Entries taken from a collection

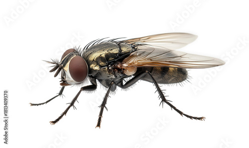 Detailed fly isolated on transparent background, showcasing its intricate features, including its multifaceted eyes, delicate wings, and bristled body, in a naturalistic pose
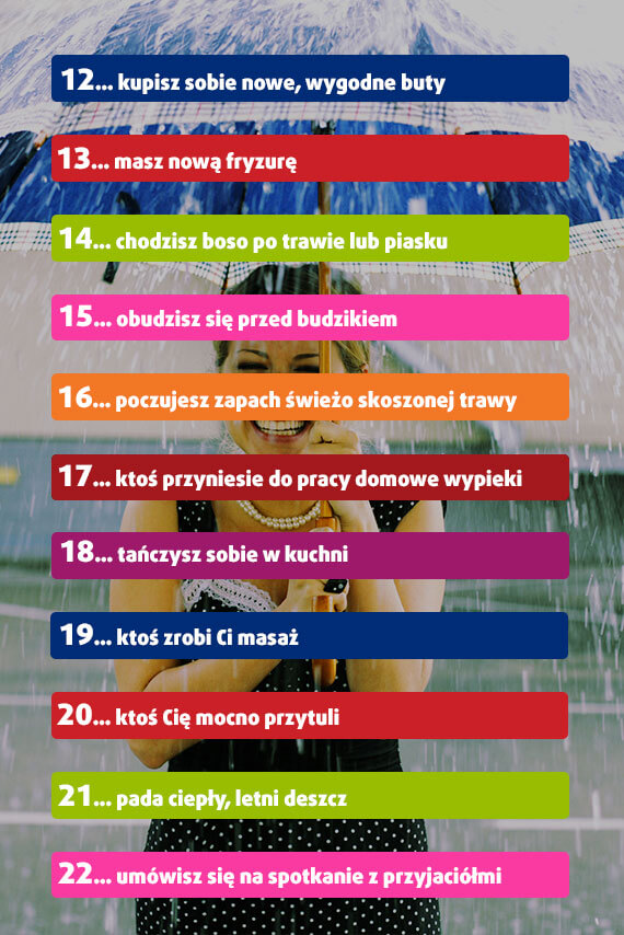 Nie wiesz od czego zacząć? Specjalnie dla Ciebie przygotowaliśmy listę 80 drobiazgów, które mogą sprawić, że Twoje życie stanie się pełne szczęścia i radości. Popraw swoje samopoczucie i nauczy się odczuwać radość, gdy…
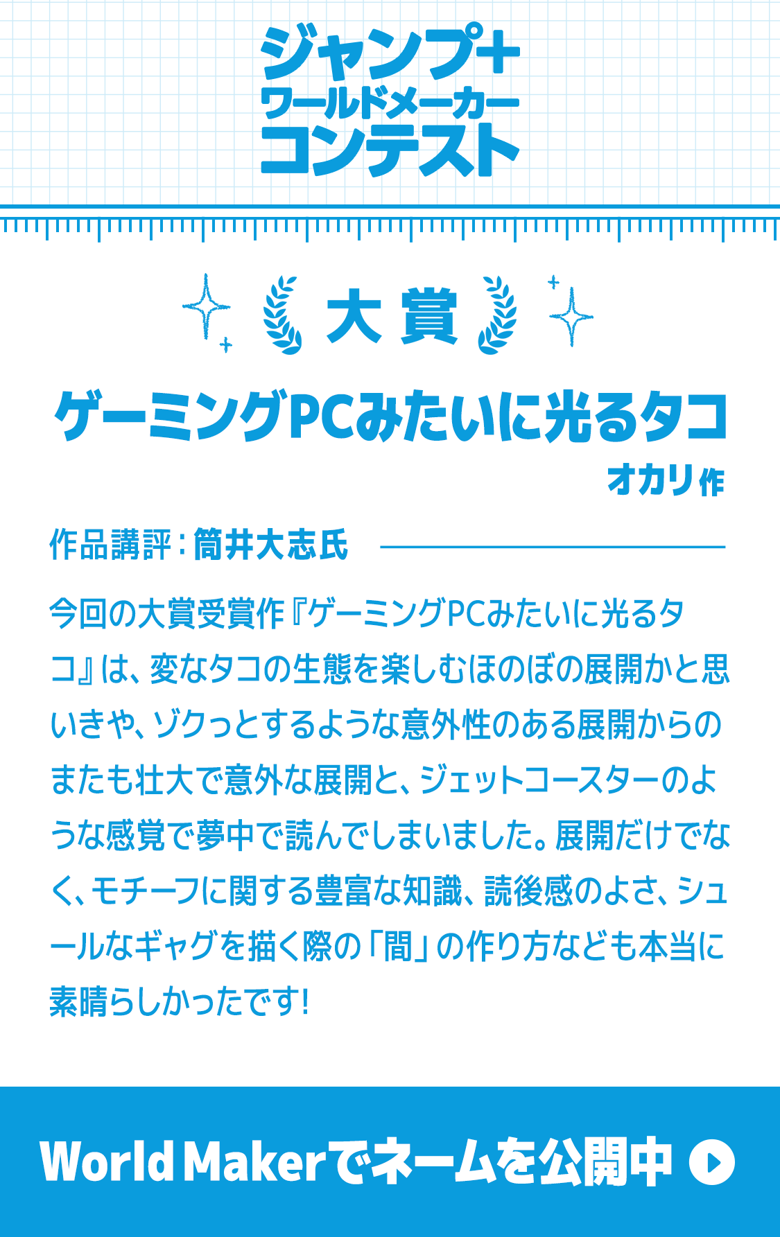 ゲーミングPCみたいに光るタコ/ジャンプ+ワールドメーカーコンテスト 筒井大志/オカリ シェアする
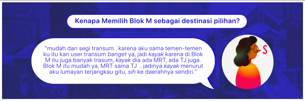 Salah satu narasumber mengungkapkan bahwa Blok M menjadi pilihannya karena kemudahan akses transportasi umum, terutama MRT. Faktor inilah yang menjadi daya tarik utama dan mendorongnya untuk terus kembali ke Blok M.
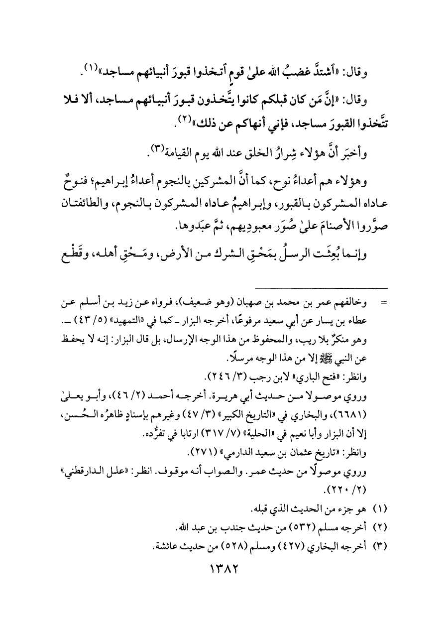 وقال: «اشتدَّ غضبُ الله على قومٍ اتخذوا قبورَ أنبيائهم مساجد» (¬١).
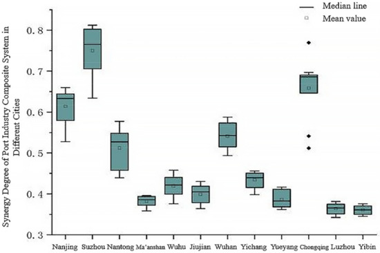 As stipulated in the Inland Shipping Development Outline issued by the Ministry of Transport of the People’s Republic of China in May 2020, it is necessary to strengthen the effective connections between ports and urban and rural construction, along with the industrial development layout, and to promote the coupling synergy development of ports, industries, and cities. At the same time, with the continuous deepening of the integration of cities clustered along the Yangtze River Economic Belt into the “Belt and Road” Initiative, ports, as an important gateway for the opening up of the region, are exerting a more and more far-reaching impact on the inland industrial cluster [1]. From the above, we can see that the coupling synergy development of ports and industries has been an important means of supporting balanced regional development. Therefore, based on the entropy weight TOPSIS method, this paper evaluates the degree of coupling cooperation between inland ports and industries along the Yangtze River. Firstly, this paper is intended to objectively reflect the evolution and development direction of the ports and industries from the perspective of the port–industry system, and to establish a comprehensive competitiveness evaluation model and a coupling synergy model of the port using the entropy weight TOPSIS method. Then, the degrees of coupling synergy of inland ports and industries along the Yangtze River will be evaluated. Finally, corresponding conclusions will be drawn from the perspectives of port cities and industries.

-- ASSIGNED TASK --
Reprint every record exactly and skip the pictures.

-- EXERCISE ANSWER --
 Detailed fly isolated on transparent background, showcasing its intricate features, including its multifaceted eyes, delicate wings, and bristled body, in a naturalistic pose
 Nie wiesz od czego zacząć? Specjalnie dla Ciebie przygotowaliśmy listę 80 drobiazgów, które mogą sprawić, że Twoje życie stanie się pełne szczęścia i radości. Popraw swoje samopoczucie i nauczy się odczuwać radość, gdy…
 ゲーミングPCみたいに光るタコ/ジャンプ+ワールドメーカーコンテスト 筒井大志/オカリ シェアする
 Salah satu narasumber mengungkapkan bahwa Blok M menjadi pilihannya karena kemudahan akses transportasi umum, terutama MRT. Faktor inilah yang menjadi daya tarik utama dan mendorongnya untuk terus kembali ke Blok M.
 وقال: «اشتدَّ غضبُ الله على قومٍ اتخذوا قبورَ أنبيائهم مساجد» (¬١).
 As stipulated in the Inland Shipping Development Outline issued by the Ministry of Transport of the People’s Republic of China in May 2020, it is necessary to strengthen the effective connections between ports and urban and rural construction, along with the industrial development layout, and to promote the coupling synergy development of ports, industries, and cities. At the same time, with the continuous deepening of the integration of cities clustered along the Yangtze River Economic Belt into the “Belt and Road” Initiative, ports, as an important gateway for the opening up of the region, are exerting a more and more far-reaching impact on the inland industrial cluster [1]. From the above, we can see that the coupling synergy development of ports and industries has been an important means of supporting balanced regional development. Therefore, based on the entropy weight TOPSIS method, this paper evaluates the degree of coupling cooperation between inland ports and industries along the Yangtze River. Firstly, this paper is intended to objectively reflect the evolution and development direction of the ports and industries from the perspective of the port–industry system, and to establish a comprehensive competitiveness evaluation model and a coupling synergy model of the port using the entropy weight TOPSIS method. Then, the degrees of coupling synergy of inland ports and industries along the Yangtze River will be evaluated. Finally, corresponding conclusions will be drawn from the perspectives of port cities and industries.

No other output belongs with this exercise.